Eneida leu uma carta de agradecimento de Ignácio Marquinez, um leigo amigo, que como sinal do seu carinho e amizade às missionárias dominicanas, nos enviou uns bombons.

Irene Díaz apresentou os CD que elaboraram as Irmãs de Perú com motivo do centenário e que oferecem a cada umas das comunidades da Congregação.

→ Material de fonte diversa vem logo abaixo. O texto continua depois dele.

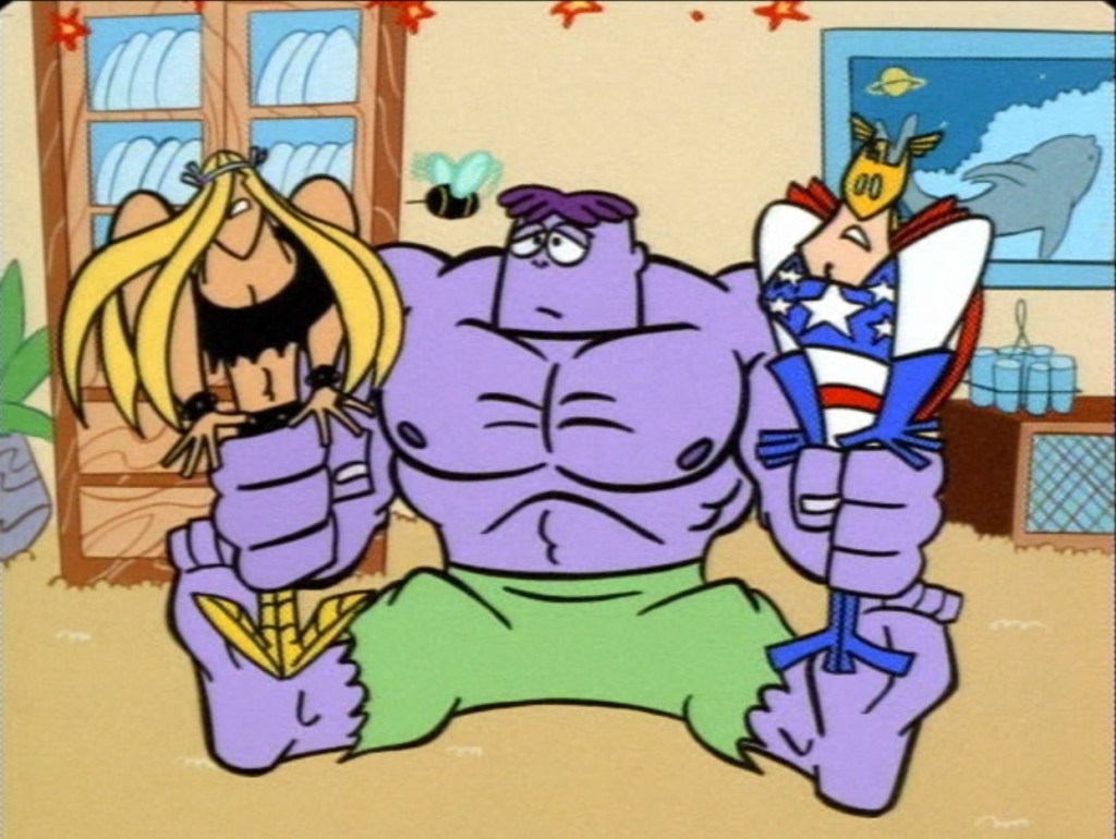In ‘The Amazing Colossal Duckman’ Duckman grows taller each time he has a temper…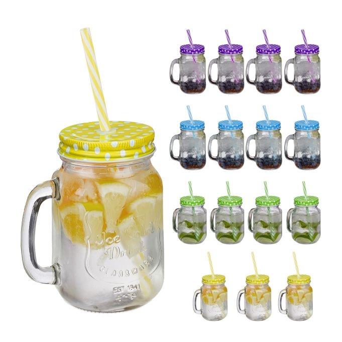 Genießen Sie erfrischende Sommergetränke mit unserem Limonadenglas mit Henkel. Es ist leicht zu trinken und schützt vor Schmutz. Perfekt für Saft, Eistee und Cocktails diese Gläser bereichern jede Zusammenkunft.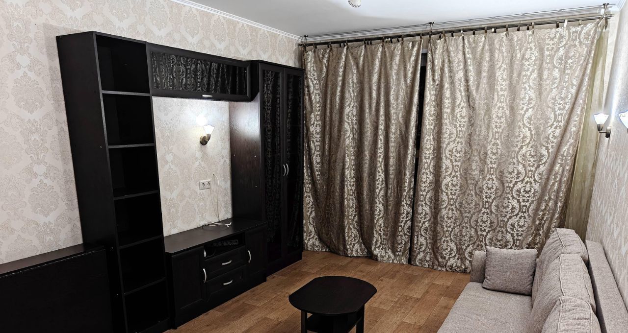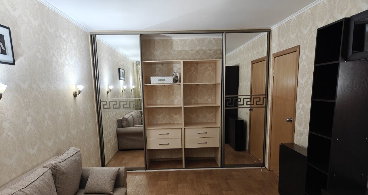 В квартире выполнен евро ремонт, стены украшены стильными обоями. В гостиной установлен вместительный шкаф-купе с зеркальными дверцами, а также удобный диван и телевизор (обговаривается).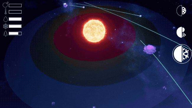 Each atmosphere outside the sun is a different color and provides your planet with a different resource. As you go into these different atmospheres, you will gain more of a specific resource or lose some of others. For example, if you are close to the sun, your water will start to dry up. If you are furthest away, your water will turn to ice. If you are in the green area, your trees will grow. All of these different attributes can be seen as they transform your world – you can zoom into your planet by clicking it and watch its surface change before your eyes, becoming a completely different type of planet.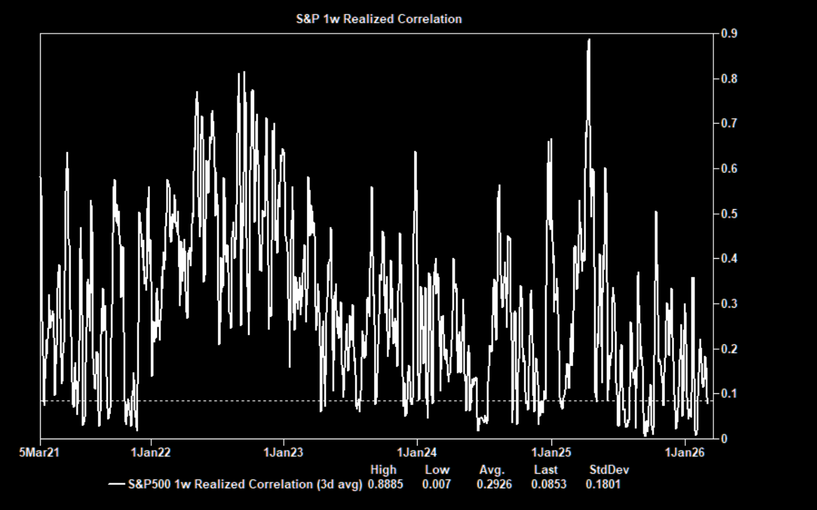 One-week realized correlation remains extremely low… right around the 10th %tile on a five year lookback.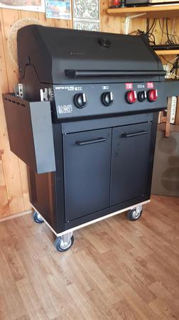 Wir haben uns einen neuen Gsgrill der Firma Enders zugelegt. Ein paar Veränderungen habe ich vorgenommen. Zum Beispiel wurden die Miniräder durch Rollen ersetzt.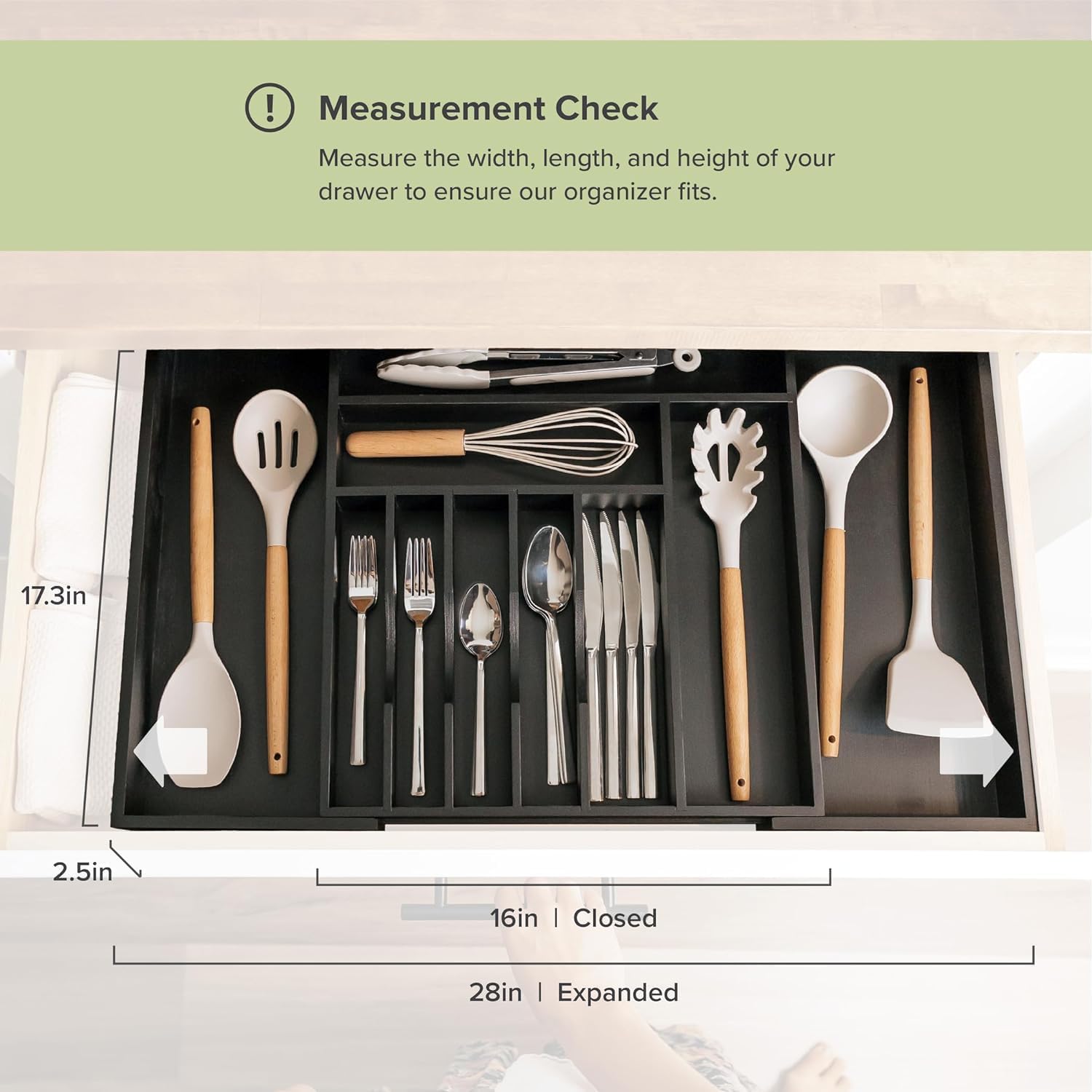 - ADDED HEIGHT, ADDED STORAGE - With an 10-compartment layout (8 fixed + 2 adjustable), this organizer measures 17.4” in length, 2.7” in height, and can stretch between 16” to 28” in width. While many organizers cap at 22” or 23” width and a 2" height, ours provides extra storage courtesy of an additional 0.7" in height, optimizing space when packed with utensils.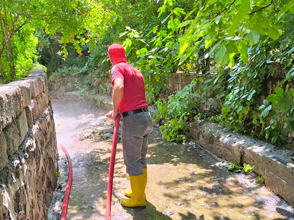 Baykan Belediyesi, bayram sonrası ilk mesai günlerinde İnönü Mahallesi’nde dere yataklarını yıkama ve temizleme çalışması gerçekleştirdi.

E recebemos com gratidão a prenda que nos enviou a Irmã Avelina, da comunidade de maiores de Arturo Soria, tecido por ela mesma.

Fizemos a leitura das comunicações de irmãs e comunidades, como cada dia, nos faz sentir muito unidas a toda la Congregação.

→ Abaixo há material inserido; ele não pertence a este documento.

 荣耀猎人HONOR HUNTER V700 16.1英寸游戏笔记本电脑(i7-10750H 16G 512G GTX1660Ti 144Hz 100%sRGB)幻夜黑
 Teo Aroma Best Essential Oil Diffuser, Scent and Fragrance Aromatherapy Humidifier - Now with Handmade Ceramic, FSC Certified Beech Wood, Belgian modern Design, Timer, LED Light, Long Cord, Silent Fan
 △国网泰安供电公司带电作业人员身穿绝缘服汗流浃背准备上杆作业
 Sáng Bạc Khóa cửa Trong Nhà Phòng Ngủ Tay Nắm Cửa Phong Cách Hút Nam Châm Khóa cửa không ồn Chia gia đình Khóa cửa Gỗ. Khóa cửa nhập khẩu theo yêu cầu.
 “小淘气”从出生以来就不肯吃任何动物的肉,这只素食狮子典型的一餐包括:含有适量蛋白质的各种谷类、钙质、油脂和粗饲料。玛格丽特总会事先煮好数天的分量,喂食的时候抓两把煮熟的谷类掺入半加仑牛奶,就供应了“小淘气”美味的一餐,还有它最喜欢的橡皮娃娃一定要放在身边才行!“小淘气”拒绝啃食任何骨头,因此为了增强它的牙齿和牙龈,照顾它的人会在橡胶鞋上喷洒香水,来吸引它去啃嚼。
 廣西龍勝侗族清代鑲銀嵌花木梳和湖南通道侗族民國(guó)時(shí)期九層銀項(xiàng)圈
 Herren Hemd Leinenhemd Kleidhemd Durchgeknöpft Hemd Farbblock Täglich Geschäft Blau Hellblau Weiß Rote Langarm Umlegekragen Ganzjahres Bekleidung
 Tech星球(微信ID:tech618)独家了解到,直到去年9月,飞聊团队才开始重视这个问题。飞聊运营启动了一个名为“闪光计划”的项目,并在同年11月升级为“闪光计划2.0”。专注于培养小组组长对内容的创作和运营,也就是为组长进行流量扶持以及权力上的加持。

Estíbaliz apresentou a Marta Martínez Muñoz, socióloga, com especialidades em avaliação e  metodologia de trabalho com a infância que nos acompanhou no período da manhã.

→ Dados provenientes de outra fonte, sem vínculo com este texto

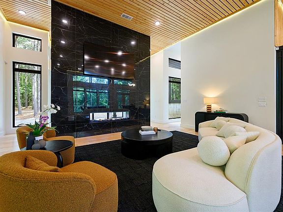 Striking waterfall islandElegant living spacesUnmatched privacy and tranquilityHigh-end black stainless-steel appliancesWine coolerGourmet kitchenBeautiful glass see-through fireplace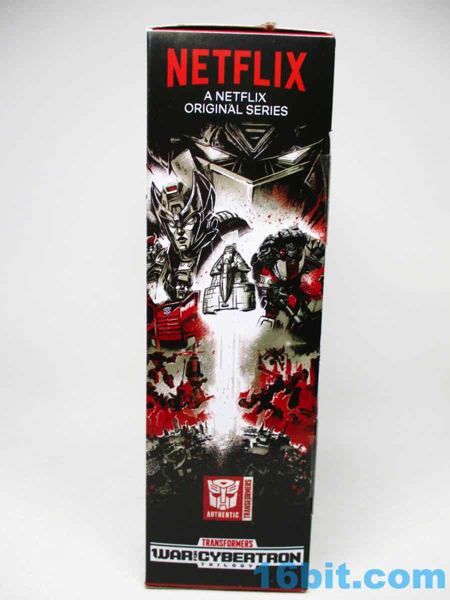 This is part of an assortment of toys to promote the Netflix show at Walmart, with new white, black, and red packaging and a build-a-playset. The packaging doesn't call out the other toys in the program, or the playset, which strikes me as an ongoing problem with Transformers and Hasbro toys in general. When we were kids, you'd get a catalog or something to show you the next toy you'd want - today there's nothing on or inside the packaging to promote the other toys, and now they don't even number them on this series. Other toys in this exclusive wave include Chromia (damage deco), Hound (damage deco), Decepticon Mirage (totally new deco), Scrapface (new character), Hotlink (new redeco of Starscream), Megatron (fancy paint), and Ultra Magnus (it's a secret.)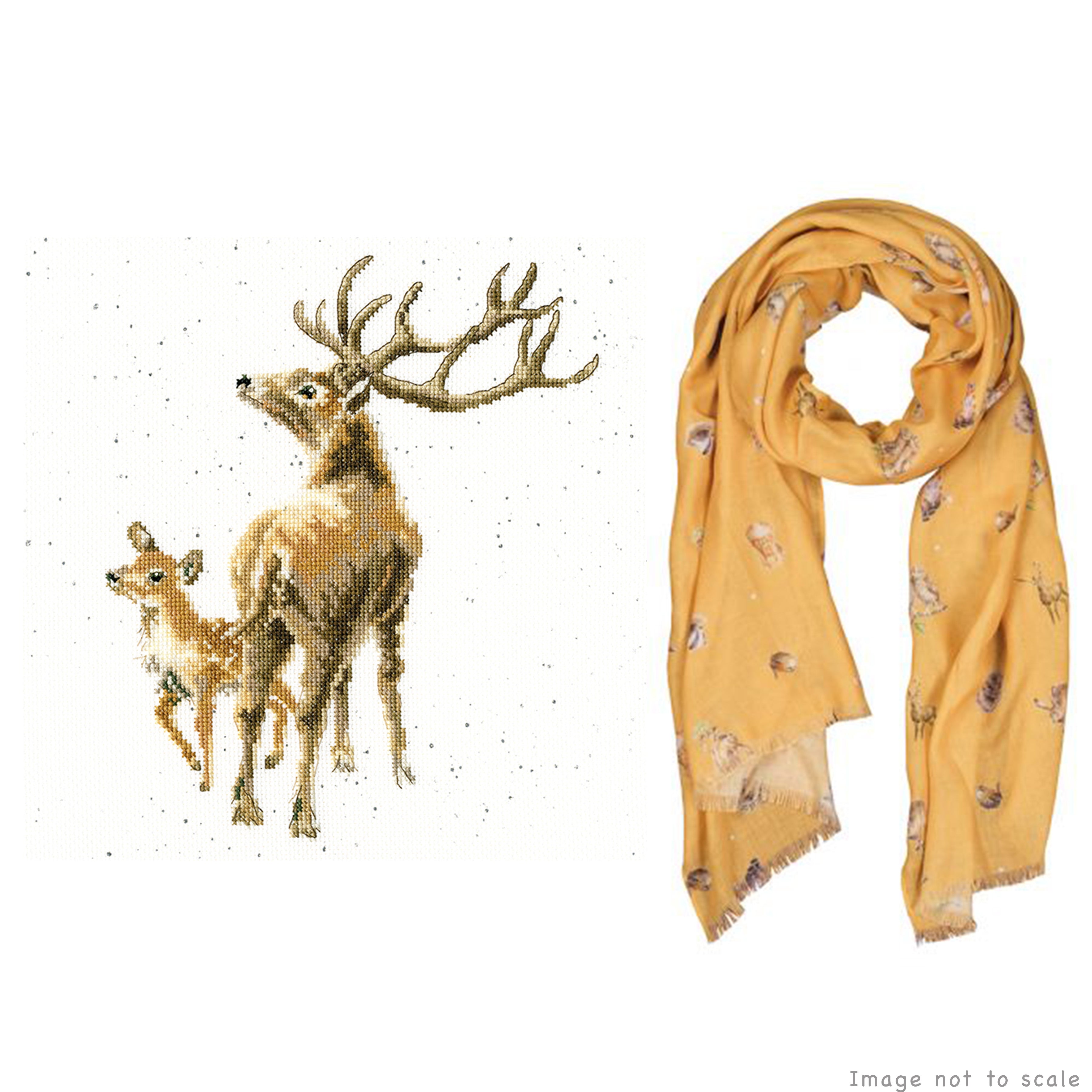 Wild at Heart Gift Set - Cross Stitch Kit, and Mustard Woodlands Scarf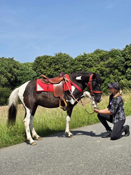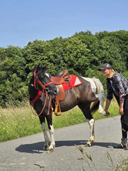 Leisure Mare "LEA" Pinto-Mix Mare for Leisure and Trail Riding* *Age*: 3 years, started under saddle and driven *Height*: approx. 1.36 m *Equipment*: E-pass, microchip, and vet check available *Price*: €4,900 *ridden and driven* A beautiful mare that is ideal for trail riding and leisure activities. She is a versatile leisure horse, well-suited for both English and Western riding. She has a wonderful, balanced temperament and feels comfortable in a herd, but is also well-adjusted in a stable. ### *What sets her apart:* - Used to open stable and herd living, box living is also no problem - Ideal for leisure and trail riders - Very balanced and uncomplicated to handle *Interested?* Feel free to call us at *0171-4001968* (daily from 8 AM to 8 PM). *Please no emails or WhatsApp, only calls!* *Additional Information:* - Equipment and transport can be organized at a low cost. - Our farm shop offers a small selection of used Western saddles. - *Installment payments are not possible.* *Customer Service:* - Every customer receives a contractually guaranteed *exchange right of three months.* - A trial ride with us is possible, so you can get to know your dream horse. For €35, you can ride, have it ridden out for you, go for a walk, or more. If desired, you can also test a second horse for €25. This amount will be deducted from the purchase price of a horse on the same day. *Special Features:* - If picked up immediately with a horse trailer, you will receive *a discount of €100.* - We conduct the sale with a transparent trial ride to ensure it is the right horse for you. *Legal:* - We are the sole and unrestricted owners of the images; the image rights belong to us. *Unauthorized use of the images is prohibited.* - Please note that this is a living horse. Our information is based on the impressions of the caretaker and does not constitute guaranteed characteristics. - Advertisements will be deleted immediately once the horses are sold. *Interested?* Feel free to call us at *0171-4001968* (daily from 8 AM to 8 PM). *Please no emails or WhatsApp, only calls!*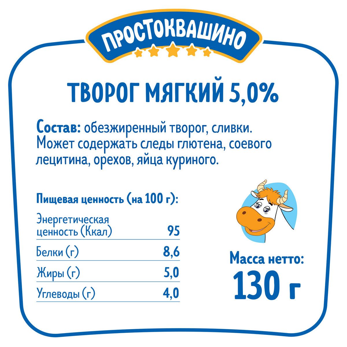 Творог мягкий Простоквашино натуральный 5%, 130 г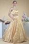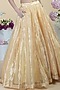 Featuring a gold circular flared lehenga in tissue base. It is paired with a matching blouse and a tulle net dupatta.

Marta, apresentou o segundo informe de DIMIDORO, elaborado a partir das crónicas da comunidades, destacando que o informe é o produto do segundo trabalho, e como em qualquer trabalho de consultoria, o informe final é “um produto”, mas não é “o produto”. A ideia é que seja um instrumento de trabalho e a partir dele, dar-lhe quantos formatos se podem fazer possíveis. Fazer uma leitura e análise transversal, e como tal, o trabalho de consultoria é facilitar o instrumento.

Propôs uma primeira ronda para escutar as expectativas, as irmãs expressaram-se e Marta foi procurando responder às interrogações apresentadas.

Celebramos durante o almoço o aniversário da Irmã Irene Farro com uma rica comida, vinho e uma sobremesa muito gostosa.

Iniciamos o trabalho da tarde com o informe da comissão de Projetos de Desenvolvimento, formada pelas Irmãs. Teresa Beorlegui, Ana María Acedo e Estíbaliz Ladrón de Guevara, e duas leigas, Marian y Feli. Teresa apresentou a Memória Anual e informou sobre os projetos  ajudas realizadas em 2015 (Ler o Informe).

De seguida, a Irmã Estíbaliz Ladrón de Guevara apresentou a Comissão de Acción Verapaz, formada por Frei José Antonio Lobo, OP e por três leigos: Carlos Colmenarejo, Óscar Salazar, Paqui Cortés. Os quais valorizaram a coincidência que existe entre o carisma das Missionárias Dominicanas do Rosário, com o carisma de Acción Verapaz: uma opção pelos mais pobres, necessitados e os que não têm voz. Projetaram um vídeo, onde deram a conhecer os 20 anos de serviço de Acción Verapaz, destacando que o seu objetivo básico é a sensibilização e o sentir-se corresponsáveis do que passa em outros lugares.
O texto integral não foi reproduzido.